Deputy Assistant Secretary for Election Integrity
- Incumbent
- Assumed office August 2025

= Heather Honey (politician) =

Election Researcher

Heather Honey is a conservative election researcher, serving as the deputy assistant secretary for election integrity in the US Department of Homeland Security since August 2025.

== Career ==
Prior to Honey's appointment, she was a leader in the 2020 election denial movement, supporting then-President Donald Trump's attempts to overturn the 2020 United States presidential election. Honey runs a consulting firm called Haystack Investigations, which supported election "audits". According to Al Jazeera, the group misrepresented incomplete voter data in Pennsylvania to falsely assert the state had more votes than voters in 2020.

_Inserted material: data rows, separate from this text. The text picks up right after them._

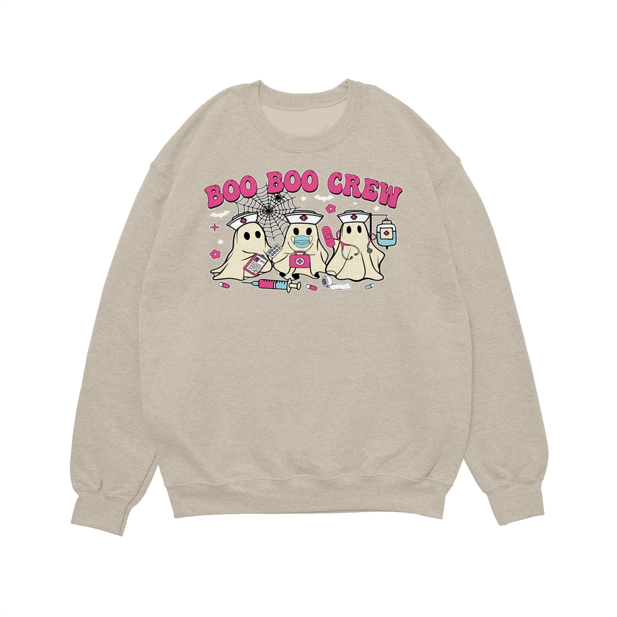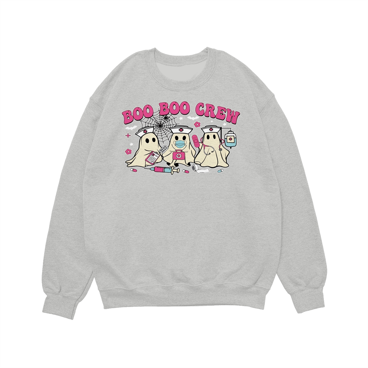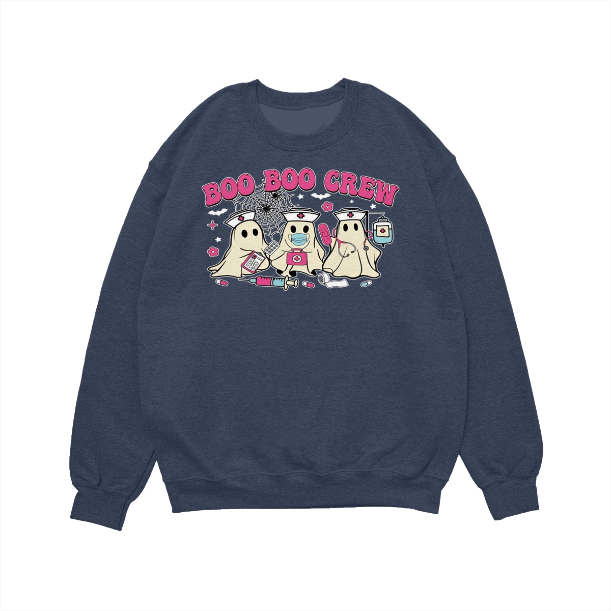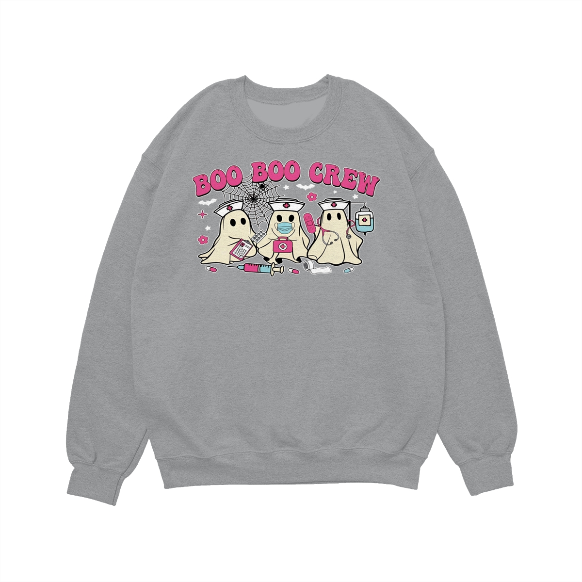 Boo Boo Crew Nurse Sweatshirt – Ghost nurses with medical tools and spider web , Fun spooky design for healthcare workers , Halloween crew style , Cozy fall pullover , Cute long sleeve sweatshirt , Gift for nurse friends Fit Crewneck
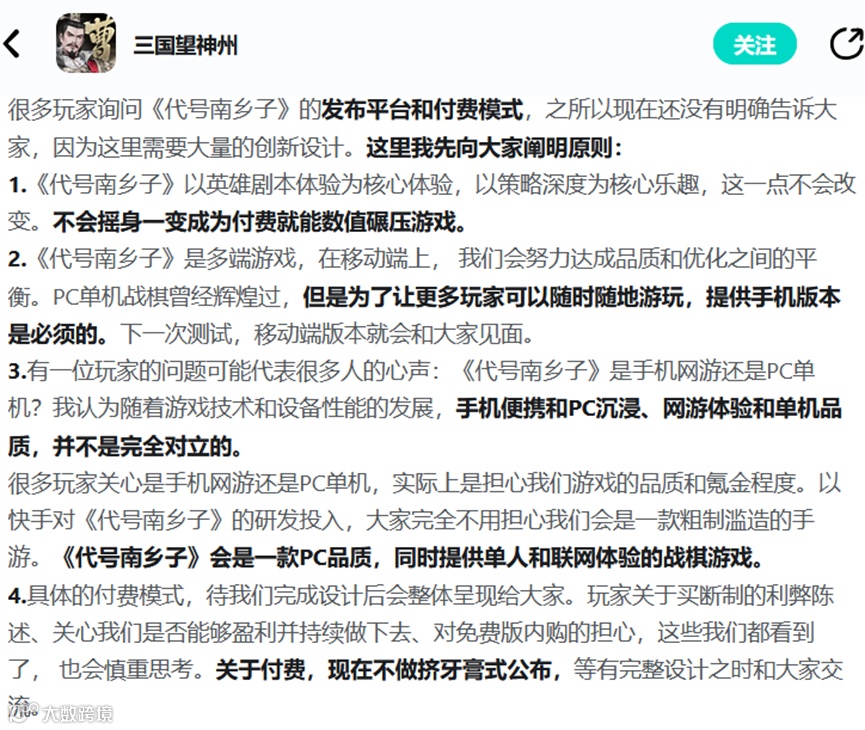 ▲《三国望神州》制作人表哥在TapTap上解答众多玩家的疑问
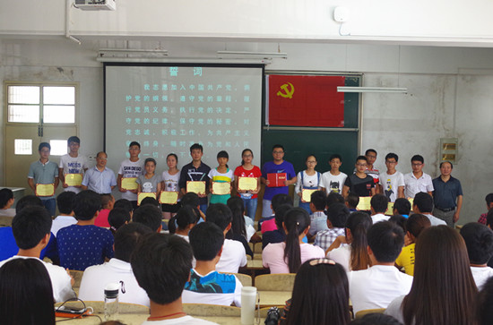 会上,2013级物理学(2)班的吴肖祥同学代表全体新党员作了表态发言。

=== Second Trump administration ===
On October 22, 2025, The New York Times reported that Honey held a call with right-wing activists in March 2025 suggesting that the Trump administration would declare a national emergency regarding the 2020 election.

Honey's appointment was made public in August 2025. The position did not exist in the prior Biden Administration.

Following her appointment, Pennsylvania Secretary of State Al Schmidt released a statement saying his office “has spent years successfully defending Pennsylvania's election laws against lawsuits filed by Heather Honey, and we are engaged in litigation against her to this day.”